German Cancer Research D
Why we think this paper is great for you:
While focused on a specific domain, this paper's discussion on the challenges of AI validation practices is broadly applicable to ensuring the reliability and trustworthiness of AI systems. It highlights important considerations for robust AI development.
Abstract
Surgical data science (SDS) is rapidly advancing, yet clinical adoption of
artificial intelligence (AI) in surgery remains severely limited, with
inadequate validation emerging as a key obstacle. In fact, existing validation
practices often neglect the temporal and hierarchical structure of
intraoperative videos, producing misleading, unstable, or clinically irrelevant
results.

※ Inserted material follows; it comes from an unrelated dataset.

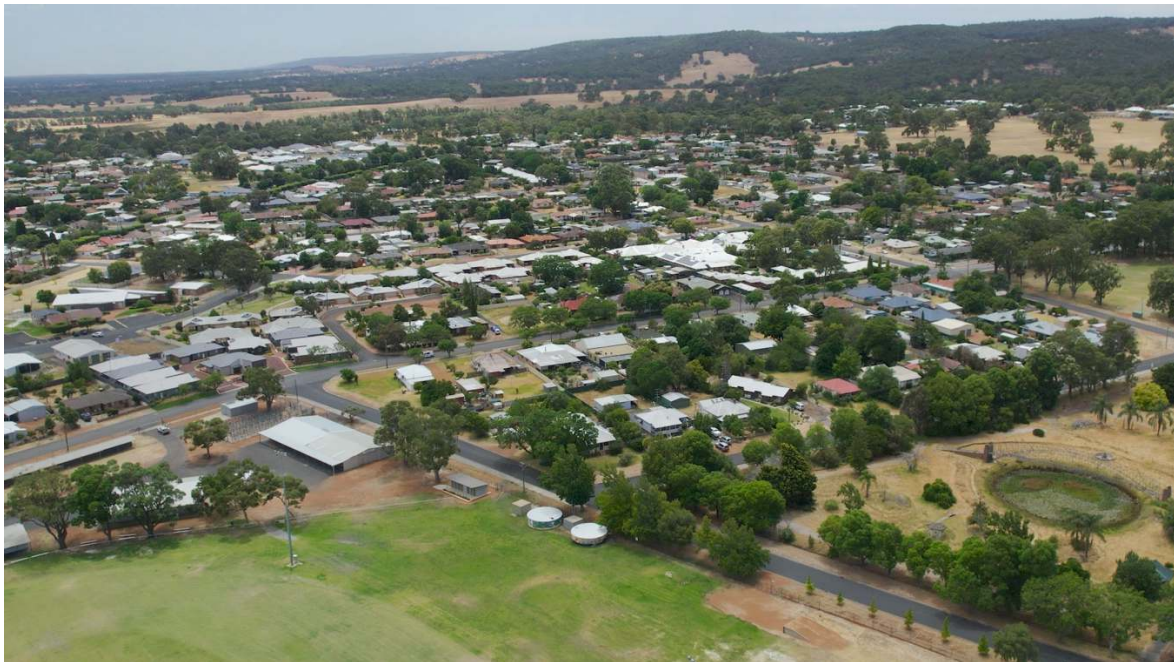
Figure 5: Waroona town – 8k from the BSS Project

In a pioneering, consensus-driven effort, we introduce the first
comprehensive catalog of validation pitfalls in AI-based surgical video
analysis that was derived from a multi-stage Delphi process with 91
international experts. The collected pitfalls span three categories: (1) data
(e.g., incomplete annotation, spurious correlations), (2) metric selection and
configuration (e.g., neglect of temporal stability, mismatch with clinical
needs), and (3) aggregation and reporting (e.g., clinically uninformative
aggregation, failure to account for frame dependencies in hierarchical data
structures). A systematic review of surgical AI papers reveals that these
pitfalls are widespread in current practice, with the majority of studies
failing to account for temporal dynamics or hierarchical data structure, or
relying on clinically uninformative metrics. Experiments on real surgical video
datasets provide the first empirical evidence that ignoring temporal and
hierarchical data structures can lead to drastic understatement of uncertainty,
obscure critical failure modes, and even alter algorithm rankings. This work
establishes a framework for the rigorous validation of surgical video analysis
algorithms, providing a foundation for safe clinical translation, benchmarking,
regulatory review, and future reporting standards in the field.